Millions switched to remote work during the pandemic and even though life is slowly inching back to normal, many workers are still working from home. Some companies like Facebook and Slack are offering permanent work-from-home options to employees — but this benefit comes with a pretty hefty catch — possible pay cuts.
Mark Zuckerberg, CEO of Facebook, announced in May that the company would adopt a permanent policy allowing all employees to work remotely. Many other tech companies have followed suit, offering remote work for the foreseeable future. This has also prompted companies to adopt a market rate style of pay — which varies depending upon where you’re located. As businesses across the country determine the future of their workforce, those offering remote work are expected to follow suit.
Why your location impacts your pay rate
During the pandemic, many Americans reevaluated where they were living, how they were spending their money, and other general values and priorities. For some, this meant leaving crowded cities to move to suburbs and more rural areas to be closer to family, pay less in living expenses, or gain more space.
For many, moves have spanned across the country while others might have been just a few miles. Regardless, many companies are realizing that workers’ priorities have shifted and adjusting company policies to fit these needs.
Since different locations have varied costs of living, companies are beginning to update their salary structures. According to SHRM (Society for Human Resource Management), most companies currently employ localized pay structures — determined by the city or metropolitan area where the office is located. Now that many employees won’t be reporting into a central office, companies plan to make comparable pay adjustments depending on the employees' new location.
How low of a pay rate should you expect?
Of course, the amount of the pay cut (if any) will be determined by each company, but pay cuts are more likely if you’re moving away from Silicon Valley or New York City — two major tech hubs in the United States.
However, pay cuts may not be as severe as expected. A recent study posted on LinkedIn analyzed recent pay rate data for major companies in Silicon Valley and found that pay decreases were not as low as expected. For instance, a remote worker leaving San Francisco and moving to Puget Sound, Washington could expect a 13% pay cut based on market pay rates. However, in reality, pay cuts were closer to 6% or less.
That said, every company has its own mechanisms for structuring salary bands. But if you live in a more rural community now and your company is discussing pay cuts for remote work, you may be able to negotiate less of a decrease.
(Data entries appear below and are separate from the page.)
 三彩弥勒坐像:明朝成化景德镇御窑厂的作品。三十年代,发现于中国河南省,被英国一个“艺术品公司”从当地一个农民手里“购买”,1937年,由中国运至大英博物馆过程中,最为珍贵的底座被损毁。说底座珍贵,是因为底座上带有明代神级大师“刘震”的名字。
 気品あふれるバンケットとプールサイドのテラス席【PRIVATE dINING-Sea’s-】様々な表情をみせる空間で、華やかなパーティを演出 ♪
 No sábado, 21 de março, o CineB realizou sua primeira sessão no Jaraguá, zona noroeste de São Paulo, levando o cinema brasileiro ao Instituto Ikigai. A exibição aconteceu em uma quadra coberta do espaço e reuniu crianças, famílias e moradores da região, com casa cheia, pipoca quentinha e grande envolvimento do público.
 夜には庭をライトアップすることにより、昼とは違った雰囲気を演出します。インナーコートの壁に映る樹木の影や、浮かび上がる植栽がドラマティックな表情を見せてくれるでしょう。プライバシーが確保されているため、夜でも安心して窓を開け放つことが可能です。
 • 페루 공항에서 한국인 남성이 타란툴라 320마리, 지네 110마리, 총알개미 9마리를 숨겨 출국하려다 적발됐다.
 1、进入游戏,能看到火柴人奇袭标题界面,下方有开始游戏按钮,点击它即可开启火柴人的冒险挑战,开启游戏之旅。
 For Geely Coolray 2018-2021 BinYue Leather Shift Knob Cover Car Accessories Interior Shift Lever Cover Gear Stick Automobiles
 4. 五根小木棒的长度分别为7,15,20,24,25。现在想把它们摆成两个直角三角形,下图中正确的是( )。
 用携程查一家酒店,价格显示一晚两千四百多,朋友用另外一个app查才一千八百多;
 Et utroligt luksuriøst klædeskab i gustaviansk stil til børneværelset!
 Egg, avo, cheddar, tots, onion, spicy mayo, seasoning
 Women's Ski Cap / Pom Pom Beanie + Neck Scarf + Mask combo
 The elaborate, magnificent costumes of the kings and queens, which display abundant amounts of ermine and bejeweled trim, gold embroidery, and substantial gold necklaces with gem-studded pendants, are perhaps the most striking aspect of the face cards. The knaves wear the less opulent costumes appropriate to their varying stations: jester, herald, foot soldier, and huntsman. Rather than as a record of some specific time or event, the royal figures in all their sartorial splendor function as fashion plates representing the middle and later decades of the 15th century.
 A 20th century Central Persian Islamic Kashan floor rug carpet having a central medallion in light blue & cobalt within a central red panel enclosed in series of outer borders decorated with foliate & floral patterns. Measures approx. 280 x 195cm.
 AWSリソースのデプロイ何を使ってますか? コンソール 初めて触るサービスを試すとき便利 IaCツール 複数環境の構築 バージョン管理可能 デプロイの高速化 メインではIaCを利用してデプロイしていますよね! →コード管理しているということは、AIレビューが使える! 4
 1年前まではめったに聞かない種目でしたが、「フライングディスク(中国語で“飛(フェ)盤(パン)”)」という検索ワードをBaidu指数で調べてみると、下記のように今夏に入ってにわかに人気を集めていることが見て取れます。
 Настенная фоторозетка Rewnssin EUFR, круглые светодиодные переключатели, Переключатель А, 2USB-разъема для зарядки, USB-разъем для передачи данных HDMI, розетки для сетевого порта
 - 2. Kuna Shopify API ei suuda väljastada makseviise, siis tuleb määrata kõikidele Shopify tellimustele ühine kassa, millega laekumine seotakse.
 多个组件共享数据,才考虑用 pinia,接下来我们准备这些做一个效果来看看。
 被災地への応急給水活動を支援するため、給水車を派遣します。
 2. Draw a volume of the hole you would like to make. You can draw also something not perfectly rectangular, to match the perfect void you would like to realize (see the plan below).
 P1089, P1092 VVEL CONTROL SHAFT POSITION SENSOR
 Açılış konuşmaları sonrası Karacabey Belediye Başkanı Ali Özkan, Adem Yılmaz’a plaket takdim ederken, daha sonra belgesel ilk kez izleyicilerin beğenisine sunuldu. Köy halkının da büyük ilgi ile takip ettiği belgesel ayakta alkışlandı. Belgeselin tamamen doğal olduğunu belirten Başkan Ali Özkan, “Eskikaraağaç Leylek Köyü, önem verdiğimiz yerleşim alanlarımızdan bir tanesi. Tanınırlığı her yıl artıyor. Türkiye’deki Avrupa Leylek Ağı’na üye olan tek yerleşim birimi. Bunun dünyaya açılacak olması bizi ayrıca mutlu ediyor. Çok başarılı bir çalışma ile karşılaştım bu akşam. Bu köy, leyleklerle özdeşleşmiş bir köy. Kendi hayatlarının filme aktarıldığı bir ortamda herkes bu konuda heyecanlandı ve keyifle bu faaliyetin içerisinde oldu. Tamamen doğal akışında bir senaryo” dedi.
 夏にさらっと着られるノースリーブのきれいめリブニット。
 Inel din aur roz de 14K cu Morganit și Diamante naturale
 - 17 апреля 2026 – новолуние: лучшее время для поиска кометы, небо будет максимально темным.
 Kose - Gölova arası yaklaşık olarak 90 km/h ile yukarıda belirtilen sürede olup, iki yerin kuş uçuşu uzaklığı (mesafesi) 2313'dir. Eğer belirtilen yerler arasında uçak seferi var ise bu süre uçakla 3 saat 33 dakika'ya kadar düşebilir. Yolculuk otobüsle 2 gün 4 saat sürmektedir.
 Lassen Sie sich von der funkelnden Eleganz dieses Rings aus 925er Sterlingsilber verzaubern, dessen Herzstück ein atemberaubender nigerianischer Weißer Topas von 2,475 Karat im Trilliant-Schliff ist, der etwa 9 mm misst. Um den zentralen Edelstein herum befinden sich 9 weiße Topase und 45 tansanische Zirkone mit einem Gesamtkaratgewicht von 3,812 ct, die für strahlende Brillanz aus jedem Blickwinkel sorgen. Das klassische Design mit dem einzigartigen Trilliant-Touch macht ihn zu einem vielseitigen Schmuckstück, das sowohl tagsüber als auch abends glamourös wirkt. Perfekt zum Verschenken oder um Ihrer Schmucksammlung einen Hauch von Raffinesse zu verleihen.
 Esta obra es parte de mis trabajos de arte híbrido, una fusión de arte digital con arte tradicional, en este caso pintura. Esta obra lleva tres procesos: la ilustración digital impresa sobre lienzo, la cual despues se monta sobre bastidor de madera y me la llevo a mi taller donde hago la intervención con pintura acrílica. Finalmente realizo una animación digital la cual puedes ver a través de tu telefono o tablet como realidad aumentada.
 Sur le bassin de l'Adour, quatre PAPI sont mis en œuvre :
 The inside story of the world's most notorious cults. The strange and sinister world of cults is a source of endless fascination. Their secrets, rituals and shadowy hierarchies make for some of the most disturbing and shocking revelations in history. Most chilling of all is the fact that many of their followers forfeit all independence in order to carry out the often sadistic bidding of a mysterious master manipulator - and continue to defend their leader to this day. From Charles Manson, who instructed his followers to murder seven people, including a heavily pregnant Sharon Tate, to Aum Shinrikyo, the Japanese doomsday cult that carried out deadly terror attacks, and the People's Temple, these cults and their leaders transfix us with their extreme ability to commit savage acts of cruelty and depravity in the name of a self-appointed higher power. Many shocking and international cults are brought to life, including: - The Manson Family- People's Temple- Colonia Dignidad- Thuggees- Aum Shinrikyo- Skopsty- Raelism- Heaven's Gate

Remote pay cuts could lead to more competition
What remains to be seen is the result of cutting the salaries of workers in top tech and business companies across the US. With job pools essentially opening across the country, allowing companies to hire from a much larger pool of candidates, job competition could increase, and pay rates might tick back up.
More companies across the country will now have access to top talent, which could lead to pay increases or less noticeable
remote salary decreases.
How to plan for a pay decrease
If you work remotely and suspect your company might decrease your salary, it’s important to do your research. First, find out what the salary ranges in your new location are, so you can be prepared ahead of time. Then, determine how you might be saving your company money by working remotely. Lastly, pull together a list of your accomplishments for your current company and have this ready before any salary discussion.
For instance, if you’re a marketing professional who left New York City with a salary of $90,000 and now lives in an area where marketing salaries average $70,000, you shouldn’t automatically expect to lose $20,000 a year. While your company might discuss paying you less — say $75,000 — be courteous and ready to negotiate. Perhaps you have been more productive and have the numbers to prove it while working remotely. Come armed with facts and data to improve your chances of increasing your new salary.
But ultimately, be realistic. If you would not be able to make more money in your current area and your new cost of living offsets a lower salary, then accepting a smaller figure might not be a deal-breaker. For example, if you were paying $1900 a month for rent in New York and now pay $800 a month, you’re saving $13,200 a year on rent alone. This doesn’t include savings on utilities and public transportation. Figure out how much you’re saving and how much you need to make realistically before going into any salary negotiation.
You can also ask for compensation in the form of benefits. Some companies are even offering work-from-home stipends to help employees purchase home office equipment like monitors, standing desks, ergonomic chairs, and other helpful supplies. Be sure to talk through what remote work means for your company to fully understand your new salary offer.
Are pay cuts for remote workers fair?
There’s no easy answer to this question and many workers and companies fall on either side of the debate. Perhaps you loved working at an office but your company shut down the one near you and now you’re hearing talks of remote pay cuts. This might seem less fair than a remote worker who chose to leave a high-paying area to move to a more rural, lower cost of living town.
Should I expect a pay cut if I work remotely?
Right now, there’s no universal answer. Remote work is becoming more common and every company is adopting its own policy as we head out of the pandemic. Ultimately, deciding how you want to work and if you’re willing to accept a pay decrease is up to you. Crunch the numbers, figure out how much salary you need, but always negotiate if your company approaches you about a decrease.